[jgroups-users] JGRP-1755 fixes Unicast 3 but what about TCP?

SourceForge Headquarters 1320 Columbia Street Suite 310 San Diego, CA 92101 +1 (858) 422-6466

We see the fix in unicast3 in github for JGRP-1755 issue, but we are using 
pbcast.gms, pbcast.nakack, we don't have UNICAST3 Configured in our 
implementation of  3.3.0.  We are using TCP.

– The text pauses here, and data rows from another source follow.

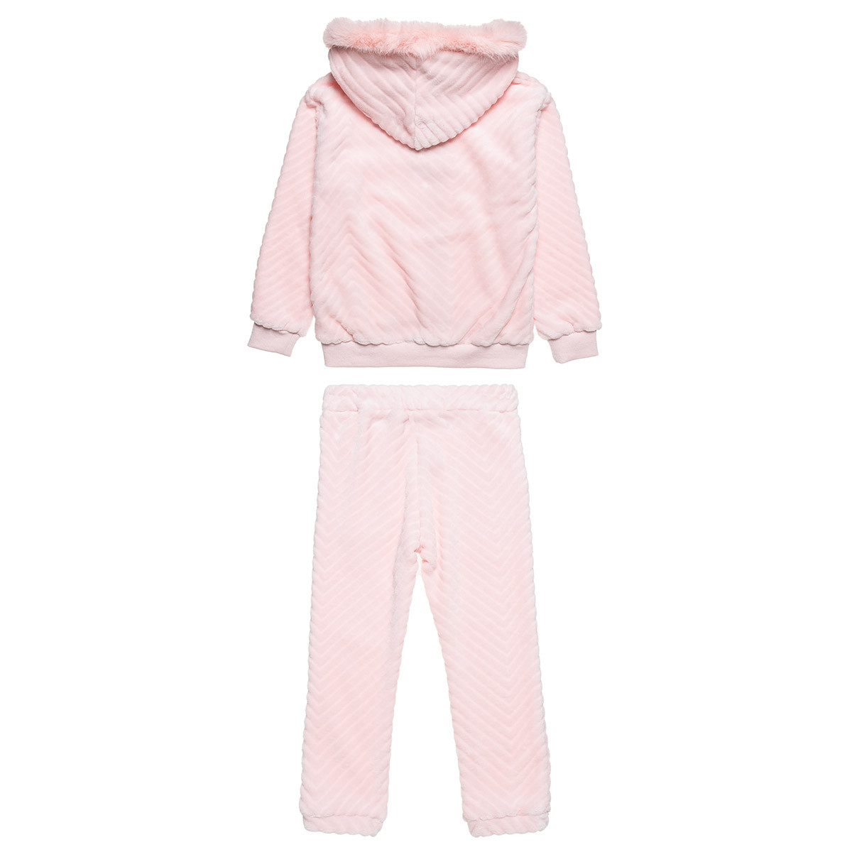 Σετ με εξαιρετικά απαλή χνουδωτή υφή, αποτελούμενο απο ζακέτα με κουκούλα και παντελόνι τύπου joggers.
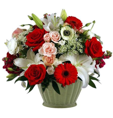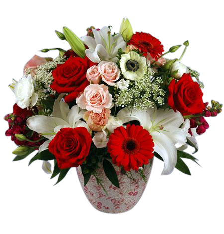 An elegant mix of gorgeous roses, lilies, spray roses, gerbera daises and much more arranged in a fancy ceramic container. This stunning and showy assortment of reds, pinks and whites is sure to please!
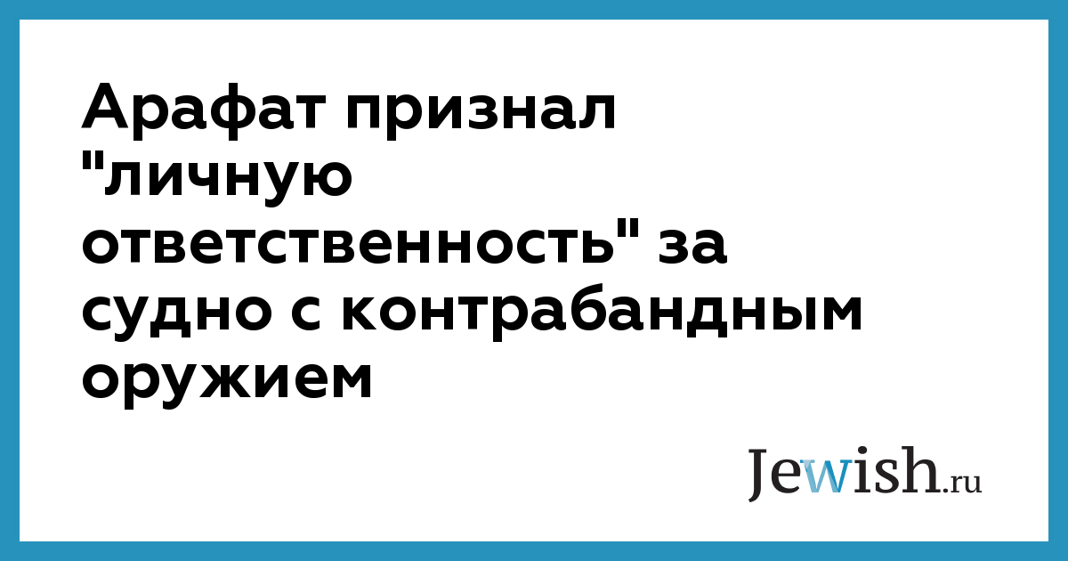 Глава палестинской автономии Ясир Арафат в послании президенту США Джорджу Бушу признал свою "личную ответственность" за инцидент с судном Karine А, на котором перевозилось контрабандное оружие. Об этом сообщила межарабская газета "Аль-Хаят". Судно было задержано израильтянами в Красном море в начале января. На его борту находилось оружие, предназначенное для палестинцев. Этот инцидент крайне осложнил попытки урегулирования палестино-израильского конфликта. 7 января Омар Окауи, капитан захваченного израильскими коммандос в Красном море судна Karine A, признал, что контрабандный груз оружия весом в 80 тонн предназначался для Палестинской национальной администрации. Приказ доставить груз в Палестинскую автономию он получил от представителя администрации Палестинской автономии в Греции Аделя Аудаллы. От него же он получил координаты места, где должен был сбросить груз. "Я ожидал проблем при прохождении Суэцкого канала, — сказал Окауи, — но никак не в Красном море". Захваченный арсенал включал 122-миллиметровые минометы (дальность 20 км), 107-миллиметровые минометы, противотанковые ракеты, автоматы Калашникова, взрывчатку и подводное снаряжение.
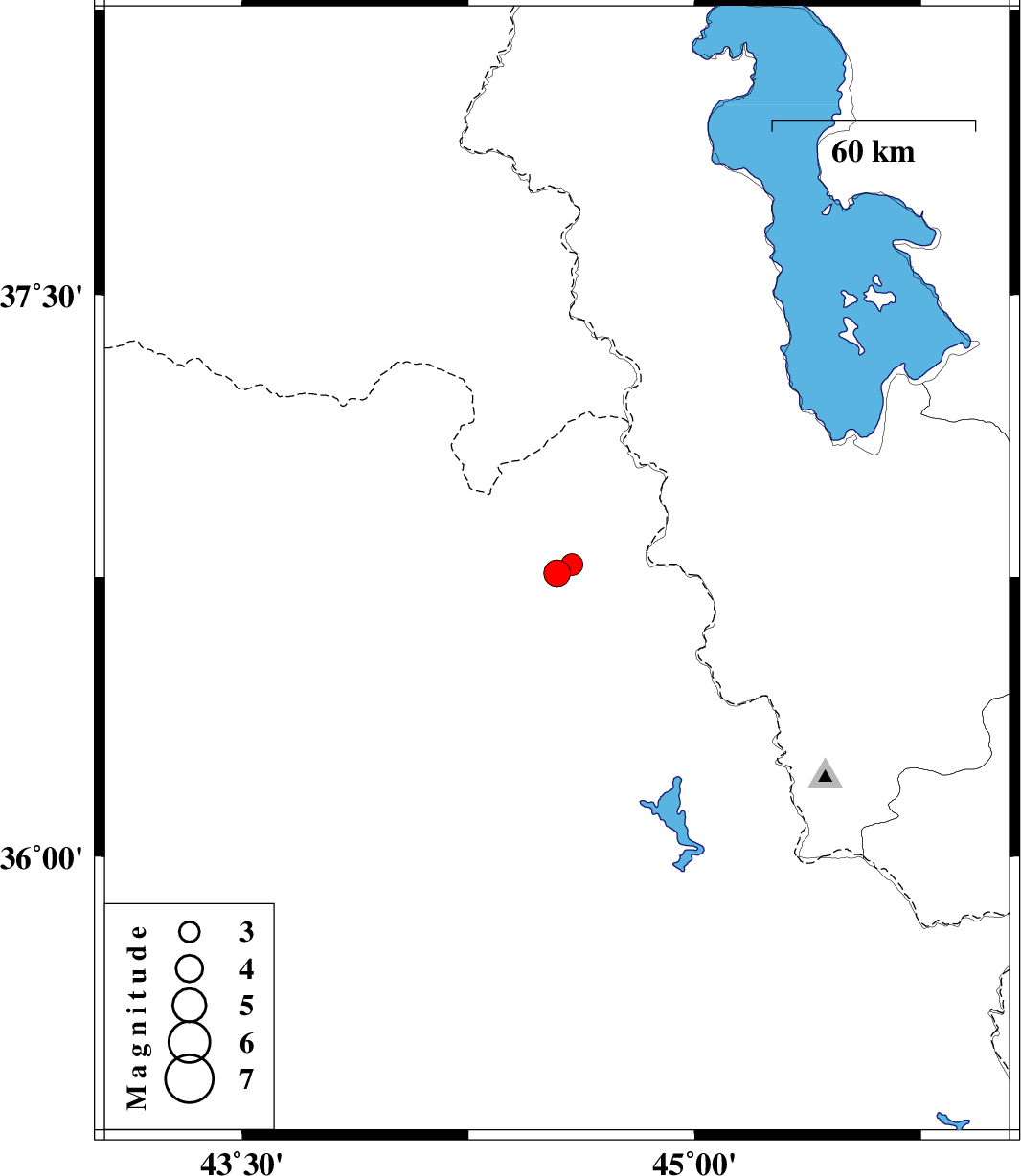 | 2018/10/14 | 15:08:31.5 | 18:38:31.5 | 36.76 | 44.544 | 14 | ML:4 | Iraq, 53 km -West of Piranshahr | ||
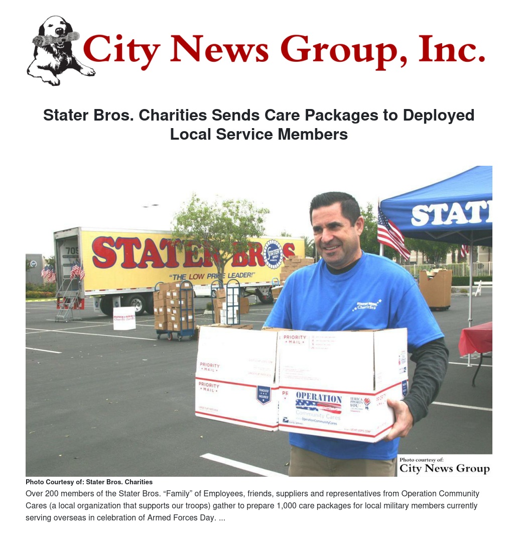 “We at OCC are so excited to have worked with Stater Bros Charities to continue the mission to boost morale for our men and women overseas," said Ryan Orr, Vice President of Operation Community Cares. "The feedback we continue to get has been overwhelming as to how much a care package can do. To think some simple items sent with love, can lift spirits and make them smile. We are told it saves lives. God Bless Stater Bros. and all they do for our community."

Yet our cluster member cannot rejoin, ultimately we end up with the same member 
joined 3 or 4 times ( ip's redacted but we see the ip for node c listed multiple 
times)

Hundreds of these messages in logs:
INFO  [.jgroups.MuxRpcDispatcherMgr] suspect:1d8a6d91-2833-7238-22e0-72856922c78a
  WARN  [org.jgroups.protocols.TCP] nodeA:7600: no physical address for 
1d8a6d91-2833-7238-22e0-72856922c78a, dropping message
WARN  [org.jgroups.protocols.TCP] nodeA:7600: logical address cache didn't 
contain all physical address, sending up a discovery request

Then we see the same node readded multiple times into the view
view [nodeA:7600|] after 5000ms, missing ACKs from [nodeA:7600, nodeB:7600, 
nodeC:7600, nodeC:7600, nodeC:7600, nodeC:7600]

Any suggestions?

Here is our config:

<config>
     <TCP
             recv_buf_size="20000000"
             send_buf_size="640000"
             loopback="true"
             max_bundle_size="64000"
             max_bundle_timeout="30"
             bind_port="${cluster.bind.port}"
             use_send_queues="true"
             sock_conn_timeout="300"

             thread_pool.enabled="true"
             thread_pool.min_threads="4"
             thread_pool.max_threads="16"
             thread_pool.keep_alive_time="8000"
             thread_pool.queue_enabled="false"
             thread_pool.queue_max_size="100"
             thread_pool.rejection_policy="run"

             oob_thread_pool.enabled="true"
             oob_thread_pool.min_threads="4"
             oob_thread_pool.max_threads="16"
             oob_thread_pool.keep_alive_time="8000"
             oob_thread_pool.queue_enabled="false"
             oob_thread_pool.queue_max_size="100"
             oob_thread_pool.rejection_policy="run"
             ${BIND_ADDRESS_DIRECTIVE}/>
     <TCPPING timeout="3000"
              initial_hosts="${cluster.tcp.discovery.initial.hosts}"
              port_range="0"
              num_initial_members="2"/>
     <MERGE2 max_interval="100000" min_interval="20000"/>
     <FD_SOCK start_port="${cluster.failure.detection.bind.port}" 
${BIND_ADDRESS_DIRECTIVE}/>
     <FD timeout="10000" max_tries="5"/>
     <VERIFY_SUSPECT timeout="1500"/>
     <BARRIER/>
     <pbcast.NAKACK
                    use_mcast_xmit="false"
                    retransmit_timeout="300,600,1200,2400,4800"
                    discard_delivered_msgs="false"/>
     <pbcast.STABLE stability_delay="1000" desired_avg_gossip="50000"  
max_bytes="400000"/>
     ${ENCRYPT_TAG}
     <AUTH auth_class="org.jgroups.auth.MD5Token" 
auth_value="${cluster.auth.pwd}" token_hash="MD5"/>
     <pbcast.GMS print_local_addr="true" join_timeout="3000"
                 view_bundling="true" view_ack_collection_timeout="5000"/>
     <FRAG2 frag_size="60000"/>
     <pbcast.STATE_TRANSFER/>
</config>